**What you are asked to do**: Down to the last line, reproduce the data that follows, but skip the pictures.

**Records supplied**:
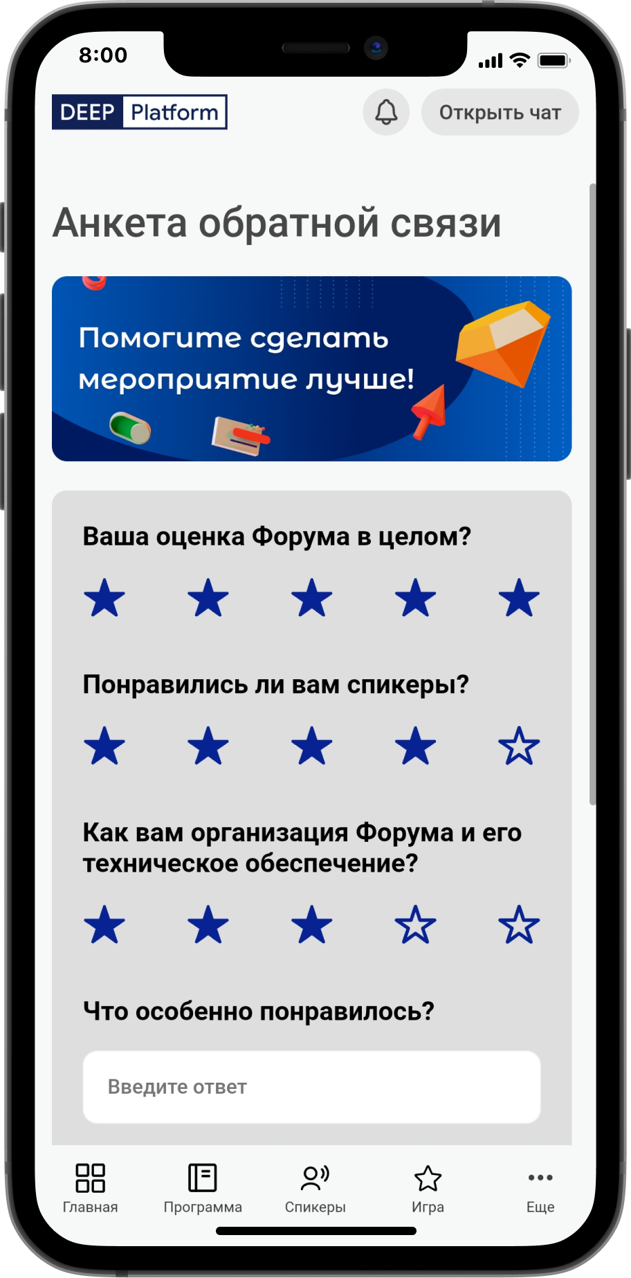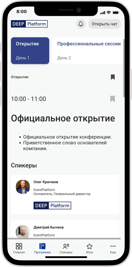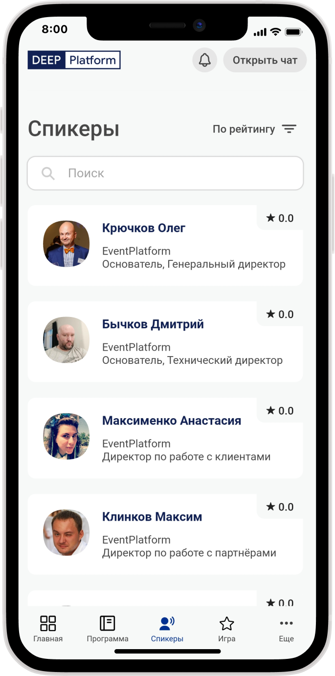 ▪ Contacts — списки телефонов работников, партнеров, организаторов и экстренные номера.
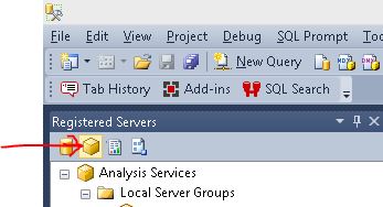 - Open up SSMS and select the Analysis Services server type in the Registered Servers window.
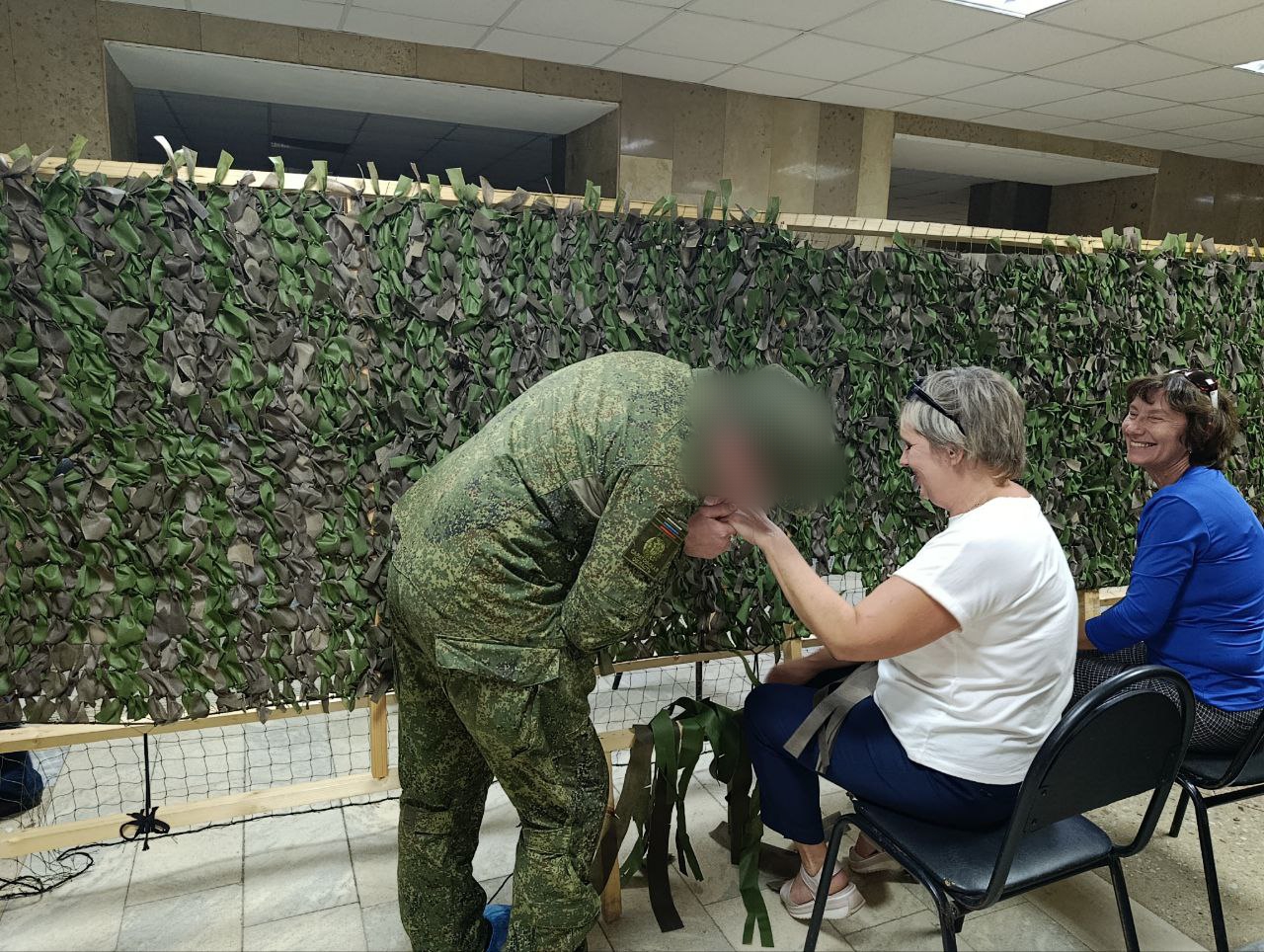 В завершении встречи почётный гость посетил волонтёров Дворца культуры «Россия», которые с самого начала специальной военной операции поддерживают бойцов: делают блиндажные свечи, шьют постельное бельё и много другое. Одно из основных направлений их работы, оказывающее огромное подспорье на передовой — плетение маскировочных сетей.
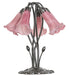 Recreating the famous Tiffany design from the early 1900s. This elegant table lamp features five Lavender Favrile Style Pond Lily-shaped art glass shades. An elegant cast metal base embraces the Lily shades with floral-style fitters finished by hand in Mahogany Bronze and inspired by antique lighting in homes from the Bowery in New York City, to Philadelphia, Pennsylvania, to San Francisco, California. Ideal for placement on an occasional table or credenza in a fine home or hotel. The Tiffany Pond Lily 5 Light Table Lamp is included in our American-designed, handcrafted Favrile Glass Lighting Collection. UL and cUL listed for dry locations. Each shade is a unique work of art with color variations based on natural ingredients inherent in the glass.
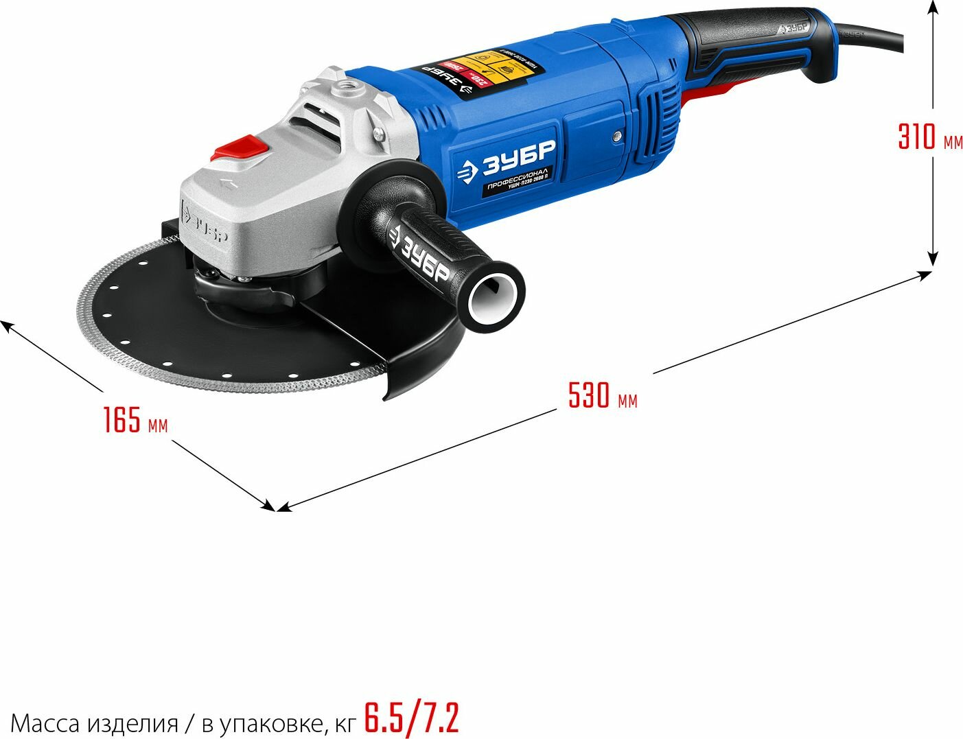 ЗУБР Профессионал, УШМ-П230-2600 п, 230 мм, 2600 Вт УШМ-П230-2600 П
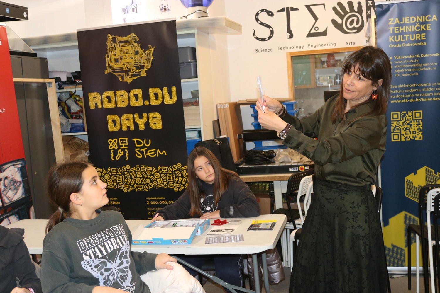 Radionicu LEGO jednostavni i motorni strojevi vodio je tajnik Zajednica tehničke kulture Grada Dubrovnika i Dubrovačko-neretvanske županije. Na radionici su se polaznice zabavile otkrivanjem prirodnih pravila i razumijevanju sila, gibanja i interakcije pomoću jednostavnih i praktičnih vježbi. Koristeći širok izbor LEGO elemenata gradile su, proučavale, testirale i poboljšavale svoje motorne strojeve.
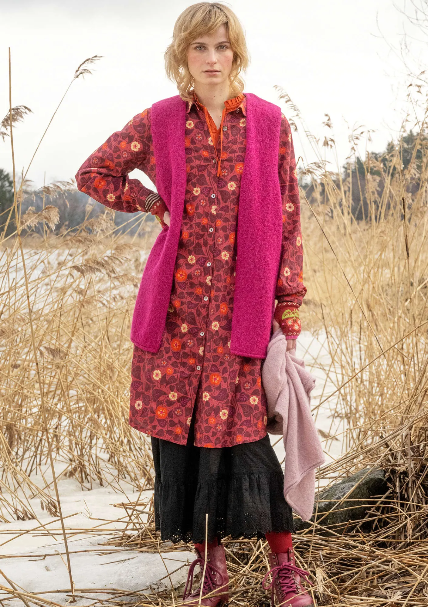 Digitaltryckt skjortklänning, sydd i en dobbyvävd kvalitet med lite struktur. Helt genomknäppt modell med en liten krage. Avskuren i midjan med rynkning baktill och i sidorna på framstycket. Knäpps med pärlemorknappar samt även en liten knapp vid ärmsluten.
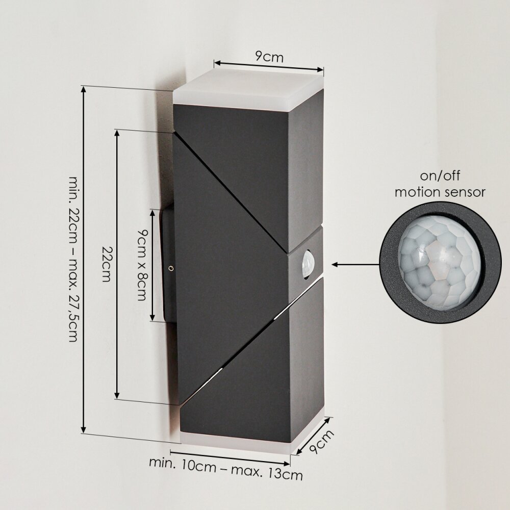 Toogong Buiten muurverlichting LED Antraciet, 2-lichts, Bewegingsmelder
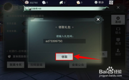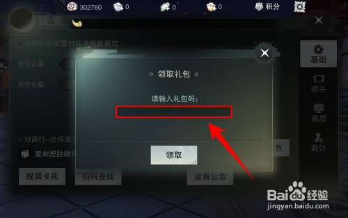 这时就会跳出一个礼包领取页面,在页面图示位置输入礼包兑换码。
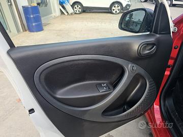 Ti presento una Smart ForFour modello 1.0, un'auto compatta e versatile perfetta per la città grazie alle sue dimensioni contenute e alla facilità di parcheggio. Questa berlina a 5 porte con carrozzeria di colore bianco e rosso metallizzato, interna con tessuti neri, offre quattro comodi posti e si caratterizza per un design moderno ed elegante.
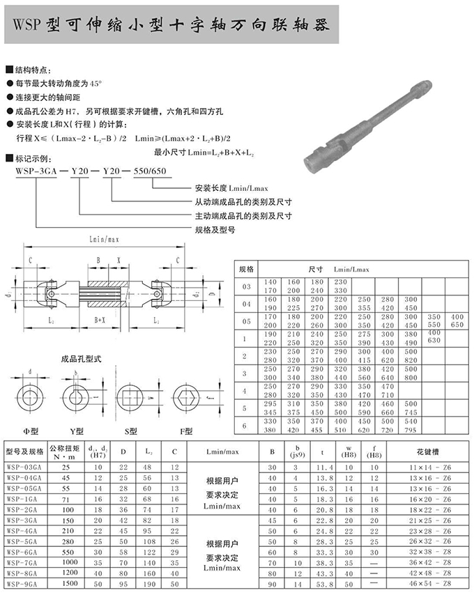 瑞安市寶德隆機(jī)械配件有限公司提供WSP型可伸縮小型十字軸萬向聯(lián)軸器具有拆裝方便,快速安裝等特點(diǎn),廣泛用于連接/固定輪轂孔和零件的軸,例如齒輪,錐齒輪,鏈輪,葉輪,凸輪,皮帶輪和飛輪等軸的聯(lián)結(jié)固定,咨詢電話:18906872378
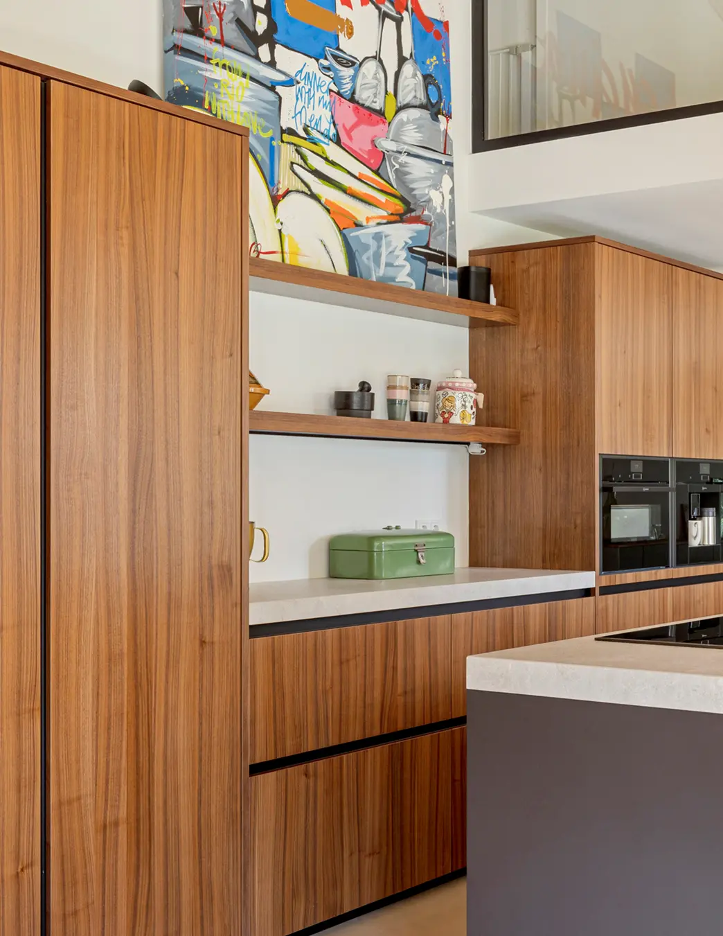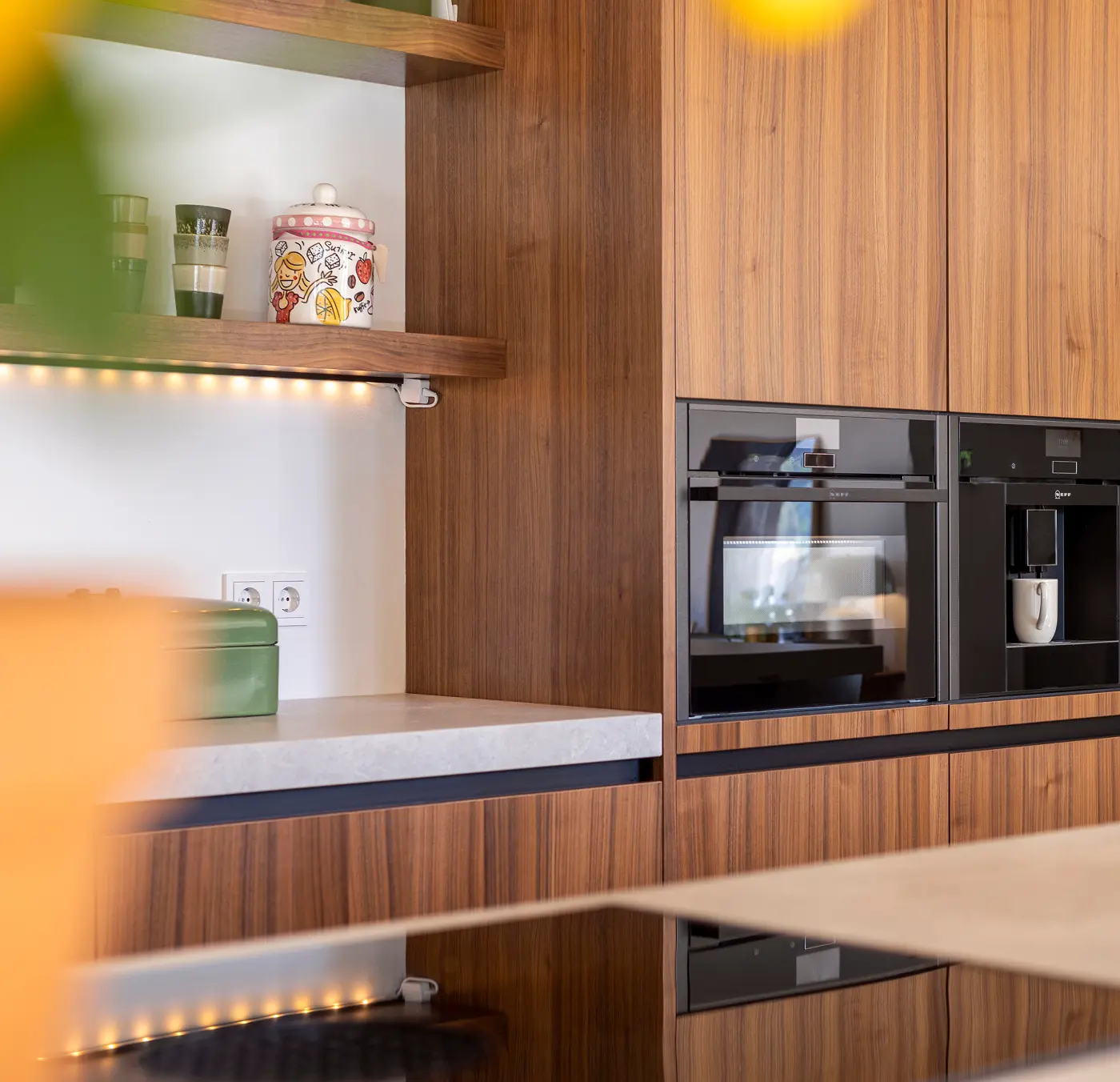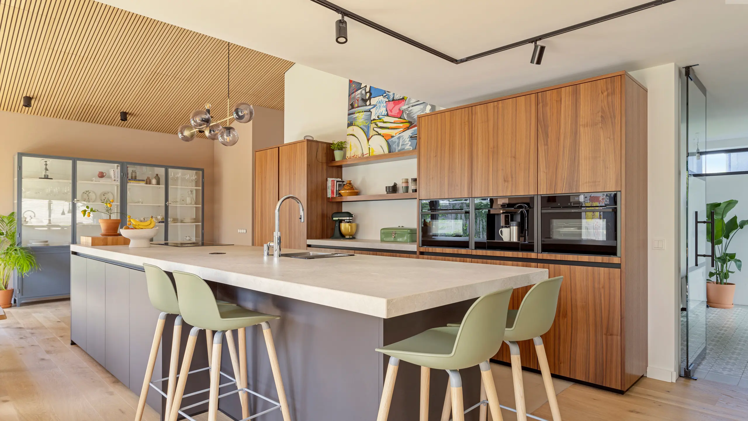 Deze eigentijdse eilandkeuken combineert rijke notenhouten fronten in de hoge kasten met een strak donkergrijs eiland en een robuust licht werkblad. De natuurlijke houtnerf brengt warmte in het moderne interieur, terwijl het grote eiland uitnodigt tot koken en samenzijn. Subtiele verlichting, elegante details en moderne apparatuur zorgen voor een perfecte balans tussen design en kookgemak.

**Result for this exercise**:
 ▪ Contacts — списки телефонов работников, партнеров, организаторов и экстренные номера.
 - Open up SSMS and select the Analysis Services server type in the Registered Servers window.
 В завершении встречи почётный гость посетил волонтёров Дворца культуры «Россия», которые с самого начала специальной военной операции поддерживают бойцов: делают блиндажные свечи, шьют постельное бельё и много другое. Одно из основных направлений их работы, оказывающее огромное подспорье на передовой — плетение маскировочных сетей.
 Recreating the famous Tiffany design from the early 1900s. This elegant table lamp features five Lavender Favrile Style Pond Lily-shaped art glass shades. An elegant cast metal base embraces the Lily shades with floral-style fitters finished by hand in Mahogany Bronze and inspired by antique lighting in homes from the Bowery in New York City, to Philadelphia, Pennsylvania, to San Francisco, California. Ideal for placement on an occasional table or credenza in a fine home or hotel. The Tiffany Pond Lily 5 Light Table Lamp is included in our American-designed, handcrafted Favrile Glass Lighting Collection. UL and cUL listed for dry locations. Each shade is a unique work of art with color variations based on natural ingredients inherent in the glass.
 ЗУБР Профессионал, УШМ-П230-2600 п, 230 мм, 2600 Вт УШМ-П230-2600 П
 Radionicu LEGO jednostavni i motorni strojevi vodio je tajnik Zajednica tehničke kulture Grada Dubrovnika i Dubrovačko-neretvanske županije. Na radionici su se polaznice zabavile otkrivanjem prirodnih pravila i razumijevanju sila, gibanja i interakcije pomoću jednostavnih i praktičnih vježbi. Koristeći širok izbor LEGO elemenata gradile su, proučavale, testirale i poboljšavale svoje motorne strojeve.
 Digitaltryckt skjortklänning, sydd i en dobbyvävd kvalitet med lite struktur. Helt genomknäppt modell med en liten krage. Avskuren i midjan med rynkning baktill och i sidorna på framstycket. Knäpps med pärlemorknappar samt även en liten knapp vid ärmsluten.
 Toogong Buiten muurverlichting LED Antraciet, 2-lichts, Bewegingsmelder
 这时就会跳出一个礼包领取页面,在页面图示位置输入礼包兑换码。
 Ti presento una Smart ForFour modello 1.0, un'auto compatta e versatile perfetta per la città grazie alle sue dimensioni contenute e alla facilità di parcheggio. Questa berlina a 5 porte con carrozzeria di colore bianco e rosso metallizzato, interna con tessuti neri, offre quattro comodi posti e si caratterizza per un design moderno ed elegante.
 瑞安市寶德隆機(jī)械配件有限公司提供WSP型可伸縮小型十字軸萬向聯(lián)軸器具有拆裝方便,快速安裝等特點(diǎn),廣泛用于連接/固定輪轂孔和零件的軸,例如齒輪,錐齒輪,鏈輪,葉輪,凸輪,皮帶輪和飛輪等軸的聯(lián)結(jié)固定,咨詢電話:18906872378
 Deze eigentijdse eilandkeuken combineert rijke notenhouten fronten in de hoge kasten met een strak donkergrijs eiland en een robuust licht werkblad. De natuurlijke houtnerf brengt warmte in het moderne interieur, terwijl het grote eiland uitnodigt tot koken en samenzijn. Subtiele verlichting, elegante details en moderne apparatuur zorgen voor een perfecte balans tussen design en kookgemak.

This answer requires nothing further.